🤖 AI Summary
This work addresses the challenge in bilevel optimization where non-isolated minima manifolds in the lower-level problem render the upper-level objective nondifferentiable. To overcome this, the authors propose a “select-then-differentiate” framework that, under a local Polyak–Łojasiewicz condition, introduces a unique optimistic selection to ensure hypergradient differentiability and enables explicit hypergradient computation via the pseudoinverse. Theoretically, global uniqueness of the lower-level solution is unnecessary; local smoothness of the upper-level objective is guaranteed as long as the selected solution is nondegenerate on the manifold. The proposed HG-MS method converges to stationary points of the optimistic objective, with complexity governed by the intrinsic dimension of the manifold. Empirically, it significantly outperforms existing approaches on LLM source reweighting tasks, achieving state-of-the-art results on GSM8K and MATH benchmarks and leading performance on MT-Bench.
📝 Abstract
We study optimistic bilevel optimization when the lower-level problem has a non-isolated manifold of minimizers.

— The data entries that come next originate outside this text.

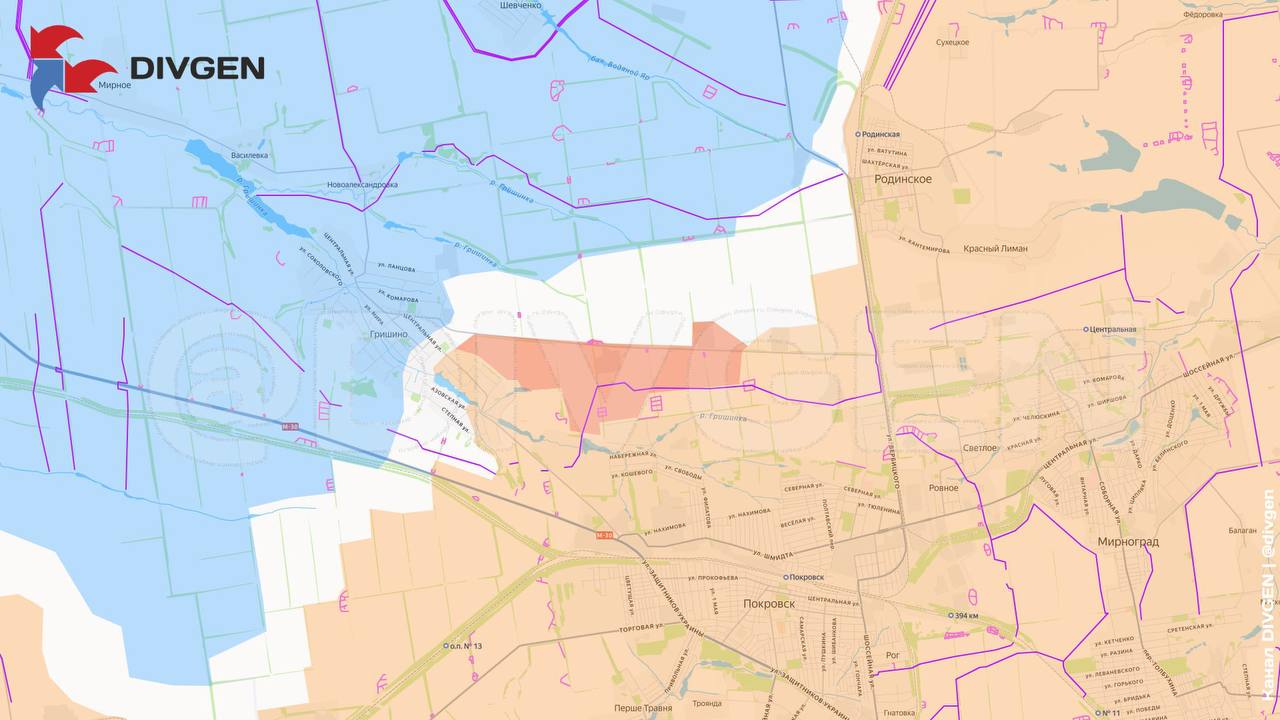 — расширение зоны контроля восточнее Гришино
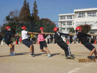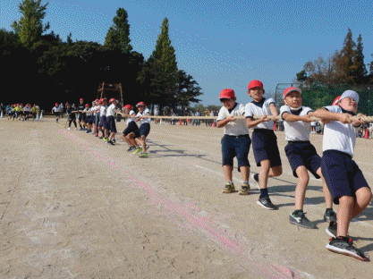 5年学年競技は、ランニング綱引きです。走りながら綱引きをするのではありません。各クラス、3つのチームに分かれ、最初は1つのチームで綱引きをします。そこへ、残り2チームが、順番に援軍とあり駆けつけます。以下に速く、援護に駆けつけられるかで勝敗が左右されます。
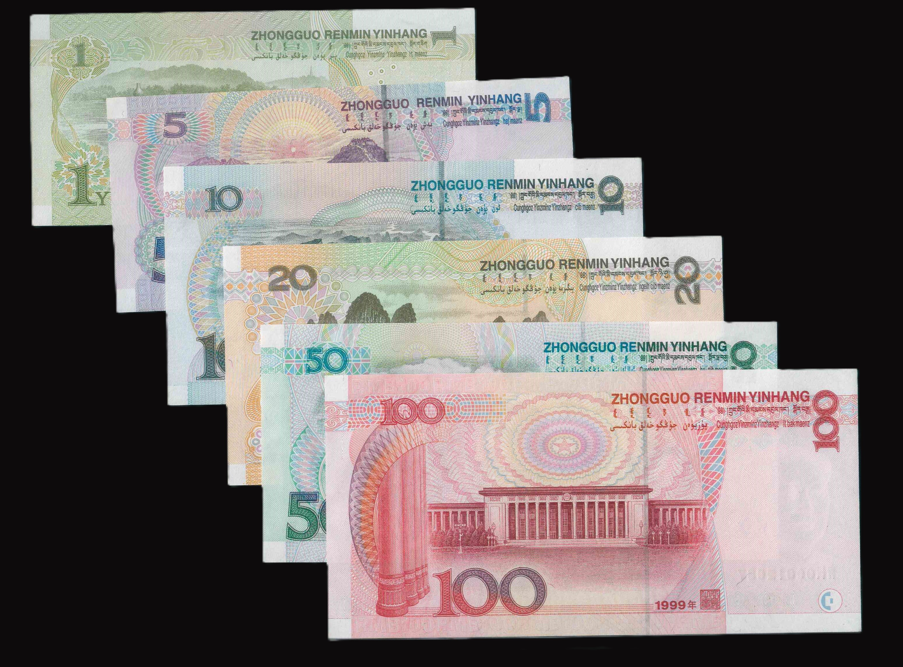 1999 中國人民銀行 $1-$100 UNC 編號: WH/CG/BC/JD/EG/CM 00012037(共6張,全同號)
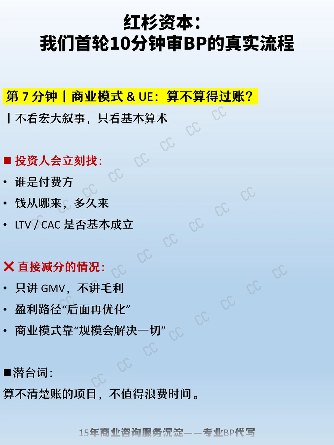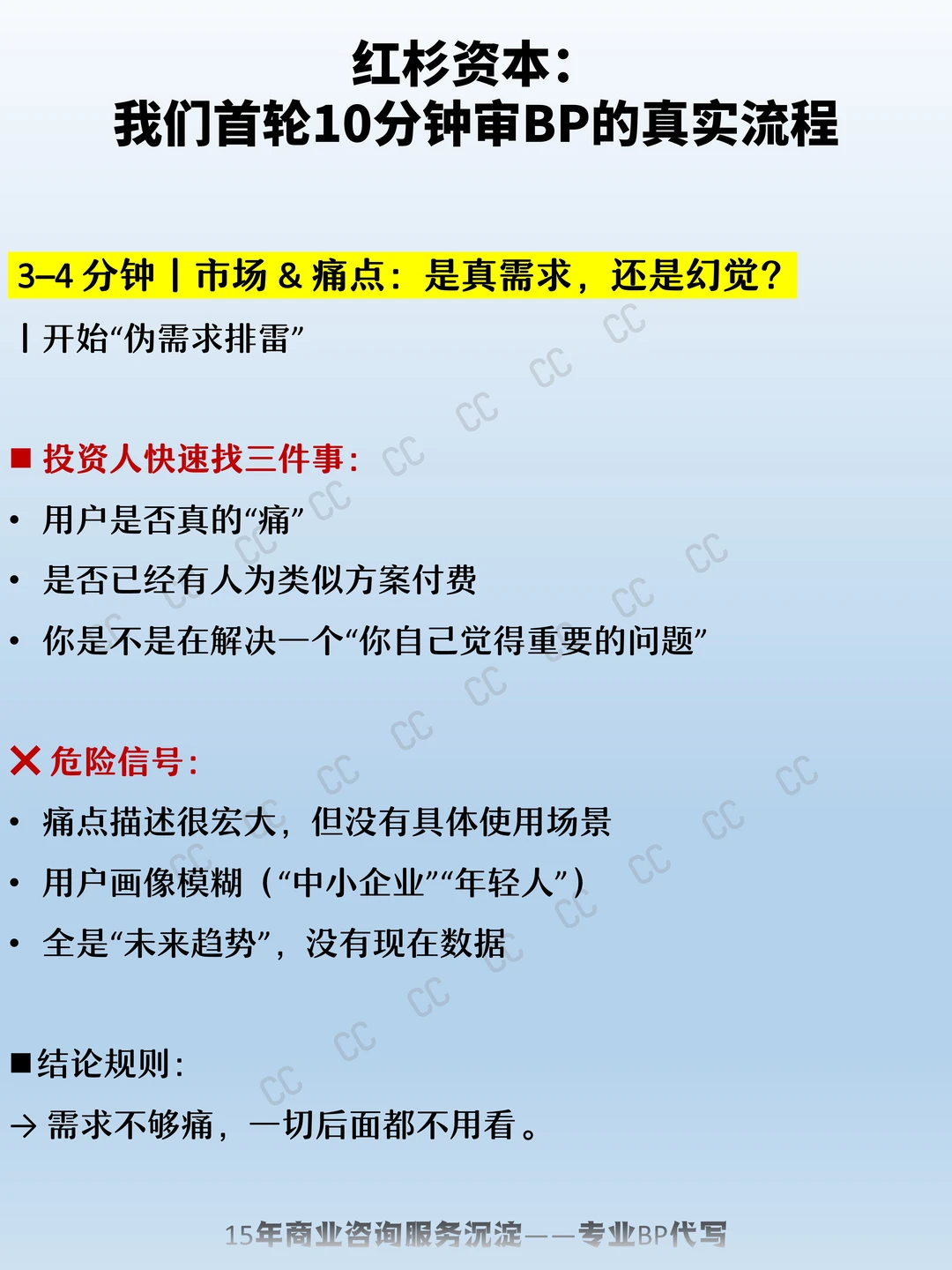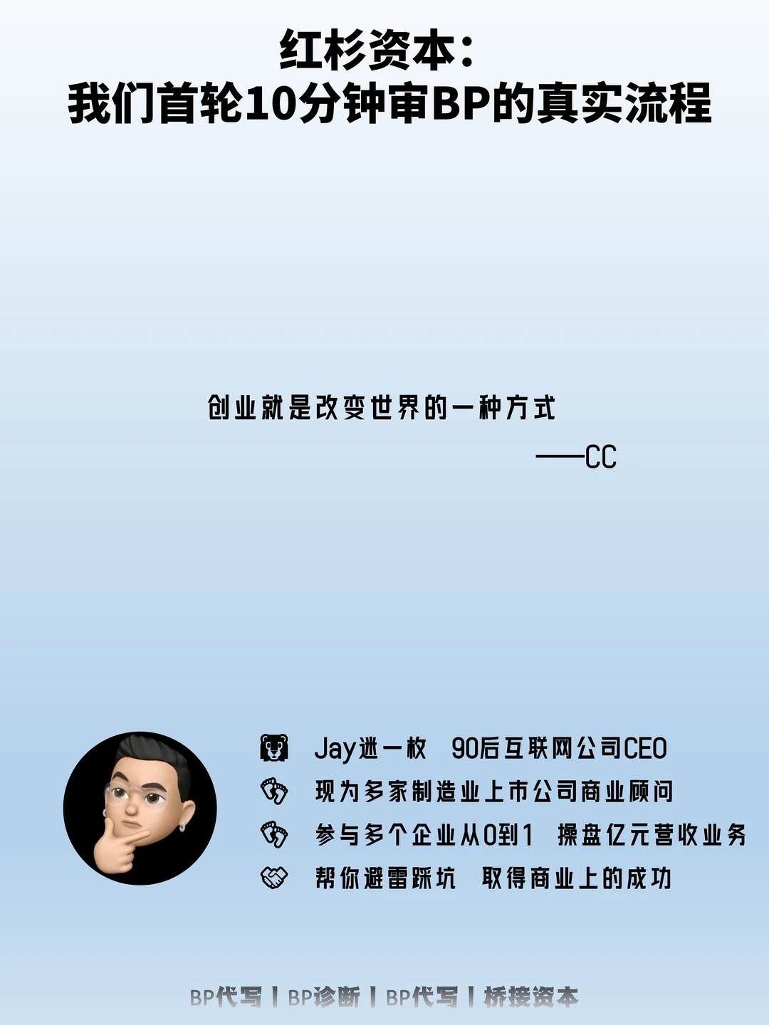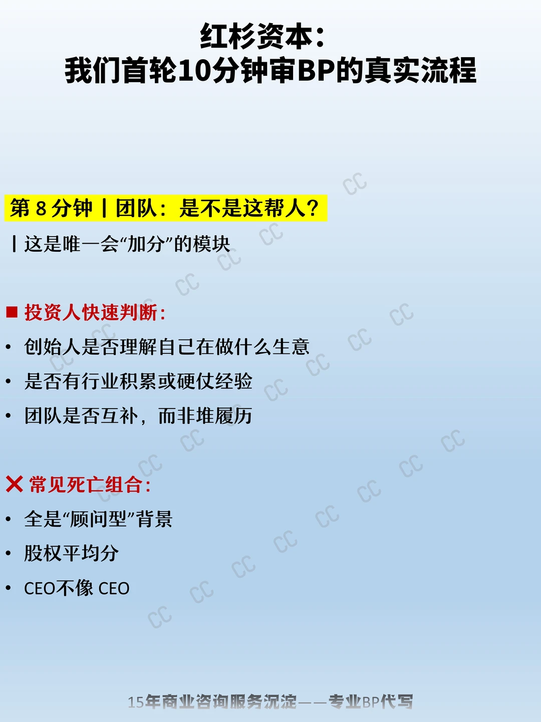 绝大多数项目,连“被认真看完”的资格都没有。第一轮,不是找理由投你,而是在极快速度里,找足够的理由不投你 如果你的 BP 扛不住这 10 分钟,那它也扛不住任何一次真正的投决

In this setting, the hyper-objective may be non-differentiable because the upper-level criterion must choose among multiple lower-level solutions. Under a local Polyak--Łojasiewicz (PŁ) condition, we show that differentiability does not require the lower-level solution set to be a singleton: uniqueness of the optimistic selection is sufficient. This yields an explicit pseudoinverse-based hyper-gradient formula extending the classical singleton-minimizer result. We further characterize the regularity of the hyper-objective: non-degeneracy of the selected minimizer along the solution manifold yields local smoothness, while failure of uniqueness can create many non-differentiable points and failure of non-degeneracy can destroy all positive Hölder regularity of the hyper-gradient. Motivated by this theory, we propose HG-MS, a select-then-differentiate method combining explicit optimistic selection with efficient pseudoinverse-based hyper-gradient computation. Despite the nonconvex nature of optimistic selection over the lower-level solution manifold, we show that HG-MS converges to a stationary point of the optimistic objective with complexity governed by the intrinsic dimension of the solution manifold rather than its ambient dimension. Empirically, we test a practical variant of HG-MS for matched-budget LLM source reweighting. This variant preserves the select-then-differentiate principle and obtains the best GSM8K/MATH scores across the tested backbones, along with competitive or best MT-Bench instruction-following results.